The long-awaited film by Pedro Almodovar, inspired by three short stories from the collection “ On the Run ” (2004) by the Nobel Prize winner Alice Munro, is finally in cinemas and I, as a lover of this director, I rushed to see it. And, when you go to see a film of him, you already know what awaits you: stories of women, stories of loneliness, complicated relationships and a deep delve into the soul of the characters.
However, Almodovar always manages to amaze by offering stories that do not bore, characterized by surprises and twists. Furthermore, in my opinion, the warm and comfortable Latin setting of the events favors the identification with the characters, who seem much closer than those played by Hollywood stars.
And to think that initially, in 2009 (the year in which Almodovar acquired the rights to On the Run), Meryl Streep had been hired for the part of Julieta and the director had thought of shooting the scenes in Canada (where Alice’s stories are set). Munro) and New York. But the director, unwilling to write a screenplay in English, abandoned the idea and set aside the film project for years.
Some time later, driven by his collaborators, Almodovar decides to get back to work but to set the story in Spain, in Madrid, to write the screenplay in his mother tongue and to hire Spanish actresses, less known to the general international audience.

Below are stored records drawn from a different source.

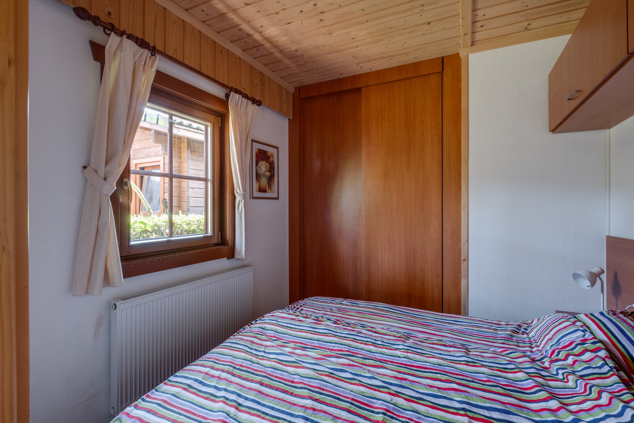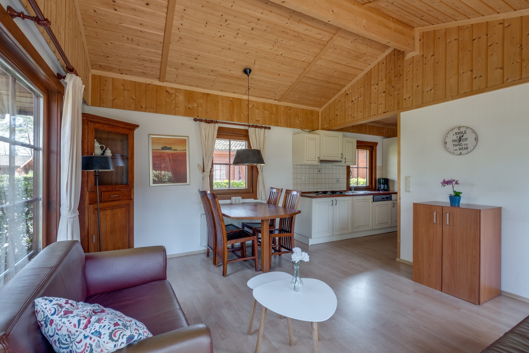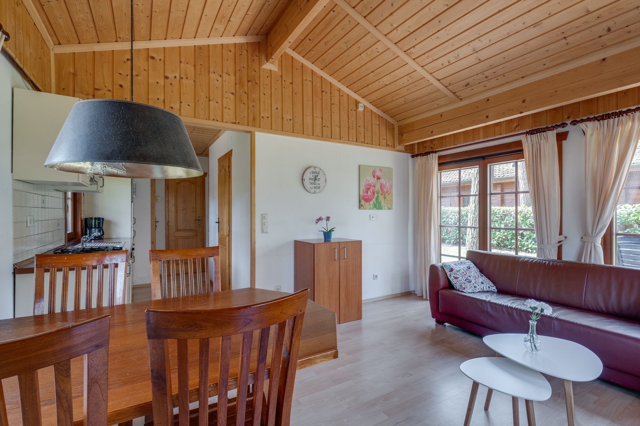 In het bosrijke vakantiepark Resort de Achterhoek in Lochem staat een sfeervolle houten chalet. Deze chalet, gebouwd in 2005, ligt op een eigen perceel van 218 m² en heeft een woonoppervlakte van 46 m². Bij binnenkomst ervaar je de warme sfeer, met een open keuken inclusief moderne apparatuur, een gezellige woonkamer met toegang tot het terras en twee slaapkamers, waarvan de master met ingebouwde kasten is. De badkamer is praktisch ingericht met een wastafel, douche en wasmachineaansluiting. De tuin rondom is voorzien van een bosgazon en biedt privacy. Het park biedt faciliteiten zoals een zwembad en speeltuin, en in de directe omgeving zijn wandel- en fietsmogelijkheden. Dit is een perfecte recreatiewoning, ideaal voor jouw eigen vakantieplek.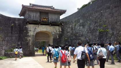 ガイドさんの案内で首里城を見学中です。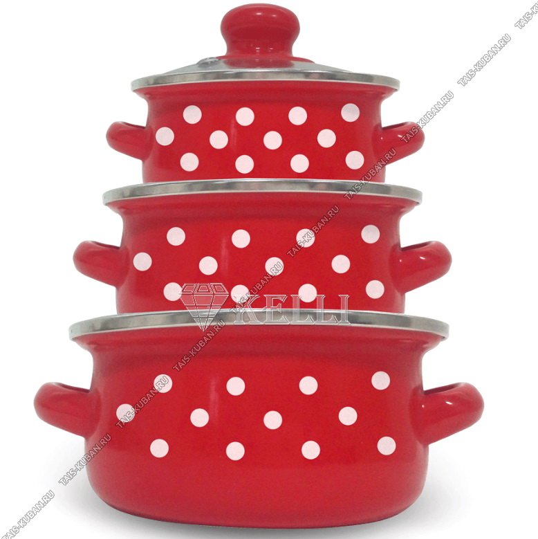 Набор мини-кастрюль 3шт "Горошки" красн-бел. (0,5/0,7/1,1л;d12/14/16см) инд.дно,стекл.крыш,п/у (12)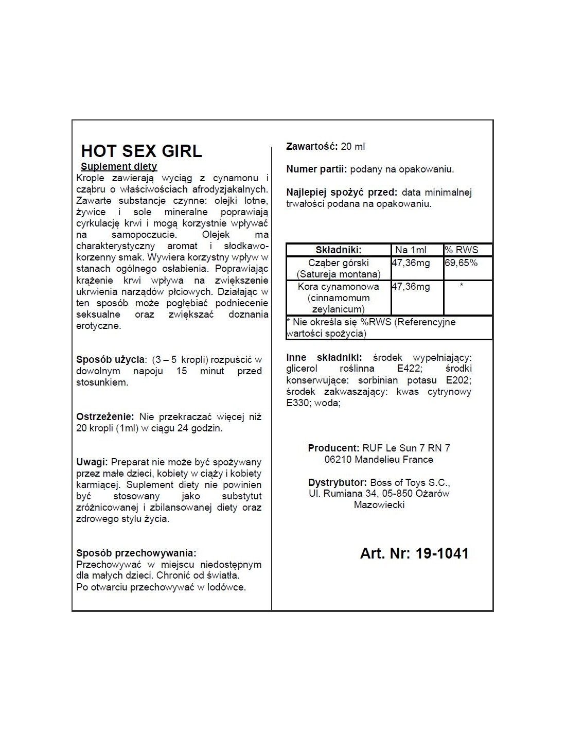 Dzięki Hot Sex Girl Twoje pożądanie zostanie wzmocnione, a doznania erotyczne będą jeszcze bardziej intensywne. Te krople można łączyć z różnymi napojami, a ich działanie nie zmieni smaku. Poczujesz, jak Twoje ciało staje się bardziej podatne na podniecenie, a Twoje narządy płciowe zostaną ukrwione, co przyczyni się do pogłębienia podniecenia seksualnego. Dodatkowo, ekstrakt z cząbru i cynamonu pobudzą Cię i poprawią Twoją kondycję fizyczną i psychiczną, abyś mógł cieszyć się jeszcze większą aktywnością orgazmów.
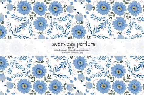 Blue Folk Floral Seamless Pattern, Scandinavian Wildflower Design, Hand Painted Watercolor Flowers, Nordic Cottagecore Surface Pattern, Jpeg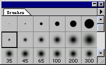 11、在“Brush”面板中选择最小的模糊圆形(如果你的面板没有显示出来,那就点击window/show brush),如图。

Almodovar writes the story of Julieta inspired by three of the stories present in the collection On the run: Fatality, Soon and Silence. Initially he decides to title his work Silencio (Silence in English) but, in post-production, he changes his mind to avoid being confused with Silence by Martin Scorsese, also out in 2016. The finished work takes the title from the name of the protagonist, Julieta precisely.

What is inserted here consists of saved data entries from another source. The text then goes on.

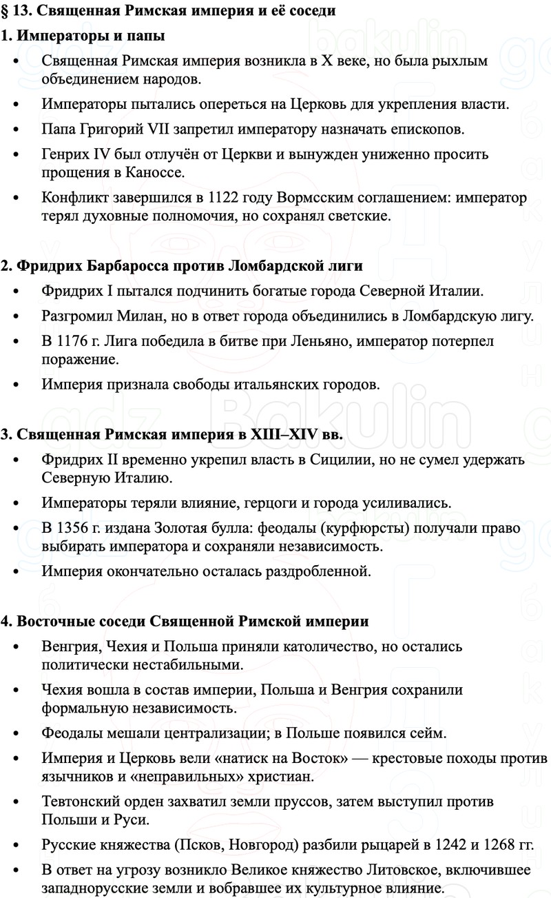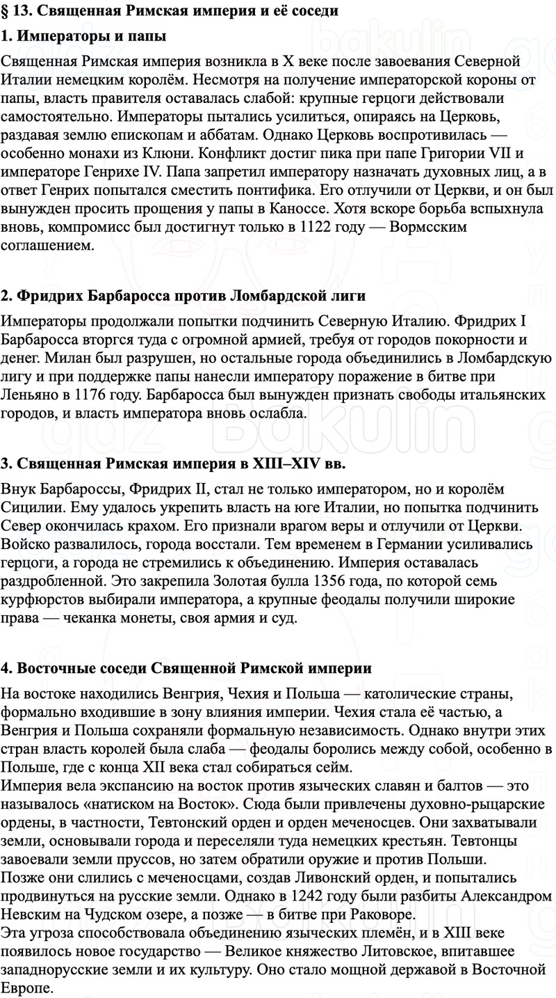 Краткое содержание и пересказ Параграф 13 Священная Римская империя и её соседи
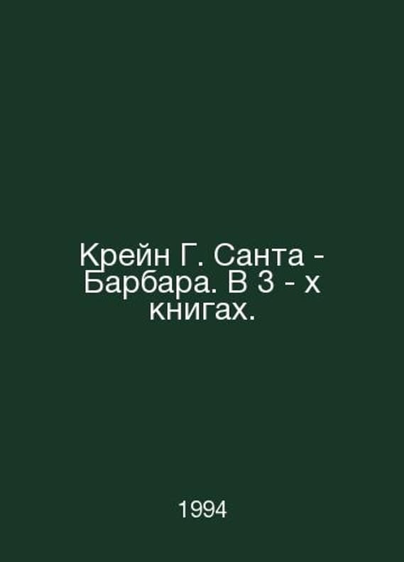 Crane G. Santa Barbara. In 3 books. In Russian /Kreyn G. Santa - Barbara. V 3 -xknigakh. Series: Hollywood Minsk BADPPR 1994. Contact us for details or to request photos of available books. Delivery of this book could take longer than normal due to additional handling time before shipping, and no rush delivery options are available. Please let us know if you have a specific date by which you need to receive your order. SKUalbfb71253f7f6e8e7a
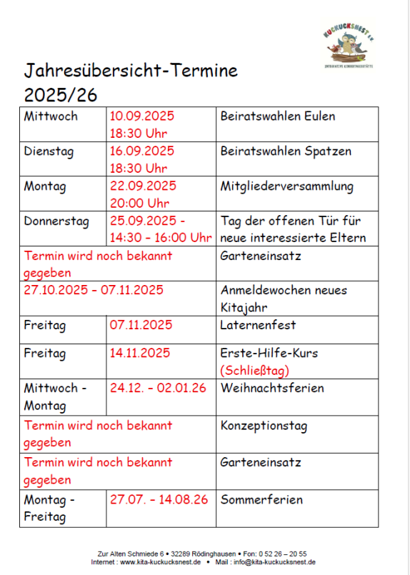 Die Anmeldewochen für das Kindergartejahr 2026/2027 finden in diesem Jahr vom 27.10.2025 bis zum 07.11.2025 statt.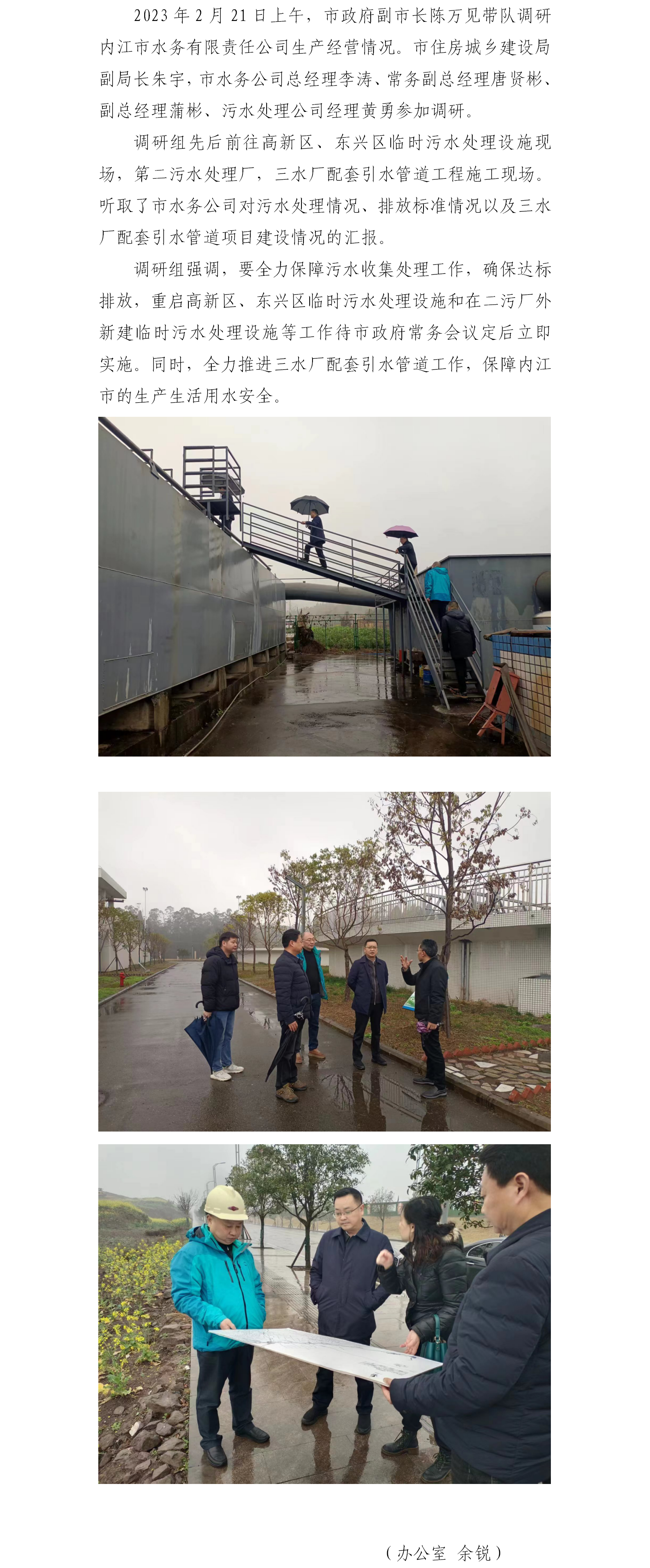 市政府領導現(xiàn)場調研內江市水務有限責任公司生產經營情況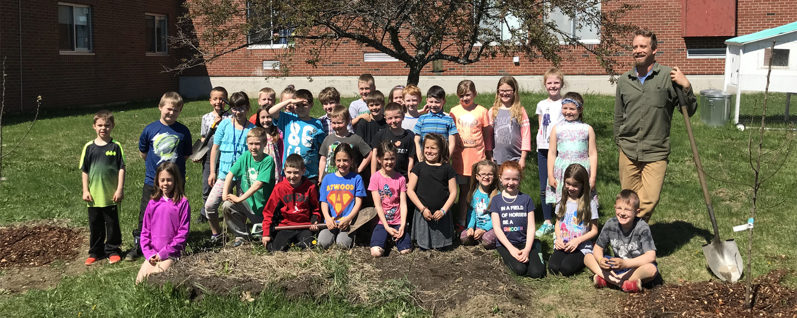 Atwood Primary was also the recipient of a ReTreeUs grant which resulted in 12 orchard trees being planted on campus on May 9th. We now have apple, pear, plum and peach trees! The orchard is growing nicely with buds for the children to see. We are watering the trees at least once a week.

Julieta (Emma Suarez in the film) is a middle-aged woman who lives in Madrid and is about to move to Portugal with her boyfriend. Everything is ready for departure and every object in her house is packed in boxes. Julieta seems determined to leave Madrid forever, a city full of painful memories and where she spent part of her life.
The calm Julieta manifests before leaving is only apparent and her decision to leave the city is questioned when she meets Beatriz, a childhood friend of her daughter Antia.
And here Julieta entrusts her story of her and her memories to a diary that she begins to write the night before the day of departure and through which the viewer discovers her past and her secrets.
The recipient of the diary is Antia, who has disappeared from her life by leaving home and to whom her mother turns sincerely, telling her everything she has never told her about meeting her beloved Xoan, Antia’s father and fisherman with which Julieta lived as a young man (Adriana Ugarte in the film) in a house by the sea.
And, after the first tragedy occurred on the night of the first meeting with Xoan and which weighs on Julieta’s soul like a boulder, the woman reviews the subsequent events of her life as a woman, mother and daughter in a narrative intertwining between past and here I’m. The temporal ellipse is noteworthy where the dimension of today and yesterday intersect, making the current Julieta (Emma Suarez) meet for a moment the young one (Adriana Ugarte) under a towel with which Antia dries her mother’s hair.
The Julieta of before and after is certainly different: one full of life and eager to establish herself as a wife, mother and teacher, the other worn out by the sense of guilt for two tragedies for which she feels responsible, alone and unable to communicate with her daughter who abandons her without giving her news for years.
The locations are also very interesting: the events intertwine between the crowded and always lively city of Madrid, where Julieta lives as an adult, and a fishing village where the woman lives as a young man with Xoan and her daughter and the mountains that instead close the film, towards the new goal – and the new life – of Julieta. A strong contrast also between the different houses in which the indoor scenes are set: modern and classy apartments, very cold and not very welcoming, which contrast with the typical Spanish houses that we are used to seeing in Almodovar’s films, full of colors and mosaics, which transmit heat.
Both the external and internal environments vary according to the stages of the protagonist’s life, reflecting her moods.
In a great film, which has nothing to envy to the Hollywood canons but from which Almodovar is well aware, it is possible to tell in depth the story of a woman who could be one of us, or our mother or, again, our daughter. . A film where the female theme stands out, but which also the male viewer certainly appreciates, because Julieta is the face and soul of a woman who could meet in her life.
I recommend not only to see the film, but also to read some stories by the writer Alice Munro, which I discovered thanks to Julieta. With a delicate narrative style – which personally reminds me of Harper Lee and Elizabeth Strout – she is the author and able to bring unforgettable female characters to life.